The always helpful GNU datmash to the rescue!

$ sort -k1,2 -u input.txt |
   awk -v OFS="\t" '$2 < $1 { tmp = $1; $1 = $2; $2 = tmp } { print $1, $2, $3 }' |
   sort -k1,2 |
   datamash groupby 1,2 collapse 3 |
   tr ',' ' '
ABC MNH 1 4
LOI PUQ 5
LOI QWE 3
LOI UHR 2 8

Broken down, this:

  • Sorts the input file based on the first two columns and removes duplicates.
  • If the second column is less than the first column, swaps the two (So MNH ABC 6 becomes ABC MNH 6), and outputs tab-separated columns (Which is what datamash works with by default).
  • Sorts that so all the transformed rows are in order (But this time keeping duplicates).
  • Uses datamash to produce a single line for all the duplicate first two columns, with a comma-separated list of the values of the third columns as the third column of the output (Like ABC MNH 1,4)
  • Turns those commas into spaces.

Most memory-efficient solutions will require the data to be sorted, and while the sort program is quite good at doing that, it'll still use a bunch of temporary files so you'll need 2-3 or so terabytes of free disk space.

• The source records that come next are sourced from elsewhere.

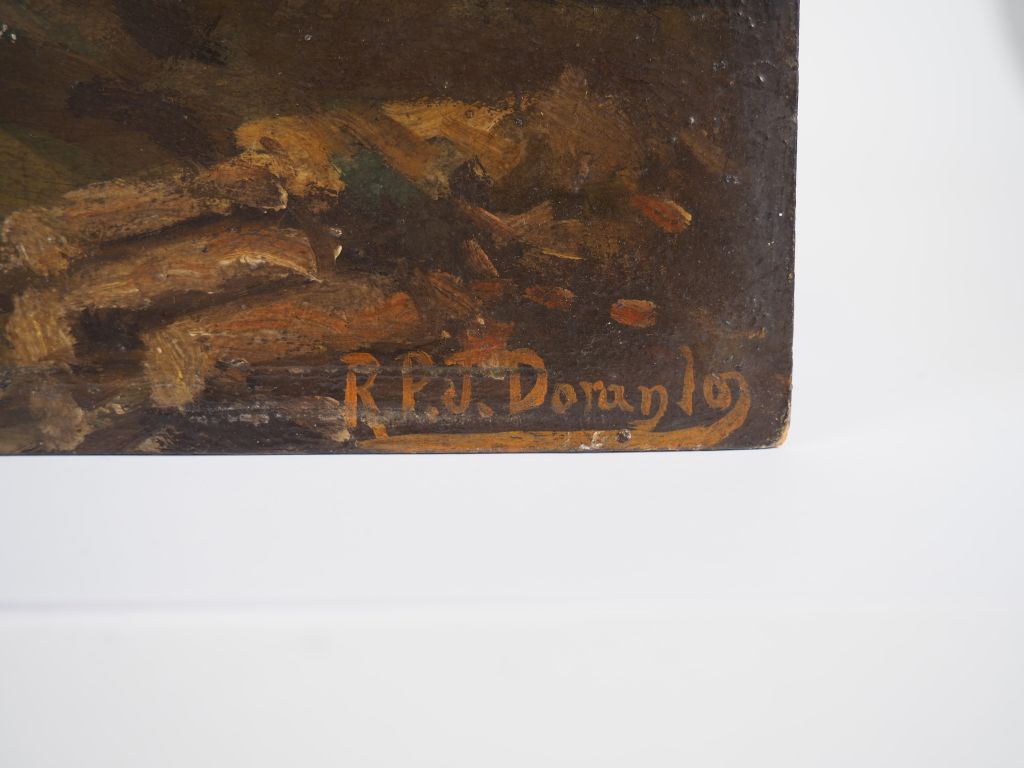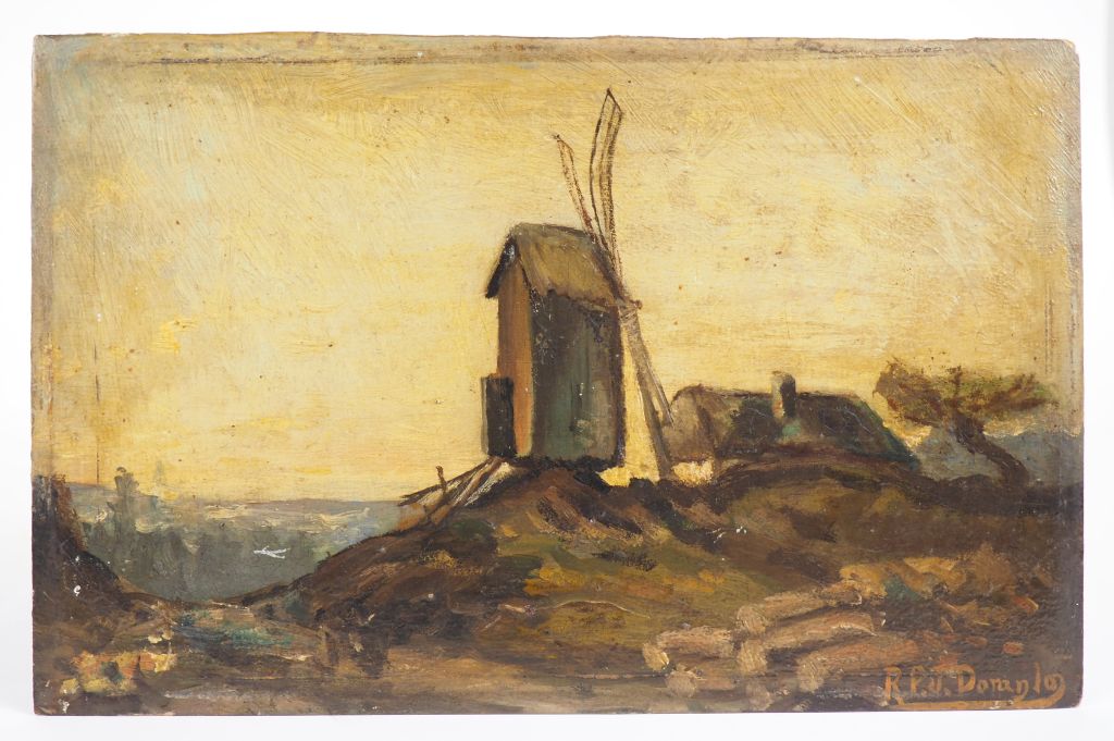 Ecole française fin XIXème - début XXème. "Le moulin" et "marine". 2 huiles sur carton, signées en bas à droite. Dim. 16 x 22 cm. Dim. 16 x 24 cm.
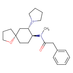 InChI=1S/C22H32N2O2/c1-23(21(25)16-18-8-3-2-4-9-18)19-10-12-22(11-7-15-26-22)17-20(19)24-13-5-6-14-24/h2-4,8-9,19-20H,5-7,10-17H2,1H3/t19-,20-,22-/m0/s1
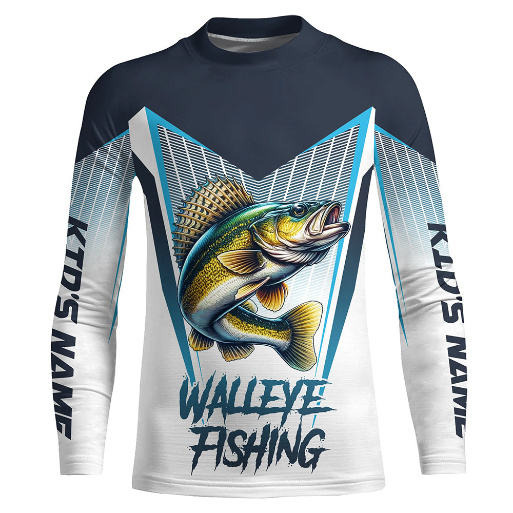 Personalized Walleye fishing Tournament Long Sleeve Fishing Shirts, Walleye Fishing Jersey | Blue NQS9225
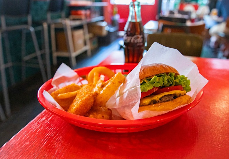 버거, 감자튀김, 콜라가 어우러진 햄버거 한상 |

If you're going to be doing a lot of stuff with the same data, it's probably worth sorting it once and reusing that file instead of sorting it every time as the first step of a pipeline:

$ sort -k1,2 -u input.txt > unique_sorted.txt
$ awk ... unique_sorted.txt | ...

If there's enough duplicates and enough RAM that it's feasible to hold the results in memory, it can be done in one pass through the input file removing duplicates as it goes and then iterating through all the remaining pairs of values:

#!/usr/bin/perl
use warnings;
use strict;
use feature qw/say/;

my %keys;
while (<>) {
  chomp;
  my ($col1, $col2, $col3) = split ' ';
  $keys{$col1}{$col2} = $col3 unless exists $keys{$col1}{$col2};
}

$, = " ";
while (my ($col1, $sub) = each %keys) {
  while (my ($col2, $col3) = each %$sub) {
    next unless defined $col3;
    if ($col1 lt $col2 && exists $keys{$col2}{$col1}) {
      $col3 .= " $keys{$col2}{$col1}";
      $keys{$col2}{$col1} = undef;
    } elsif ($col2 lt $col1 && exists $keys{$col2}{$col1}) {
      next;
    }
    say $col1, $col2, $col3;
  }
}

This produces output in arbitrary unsorted order for efficiency's sake.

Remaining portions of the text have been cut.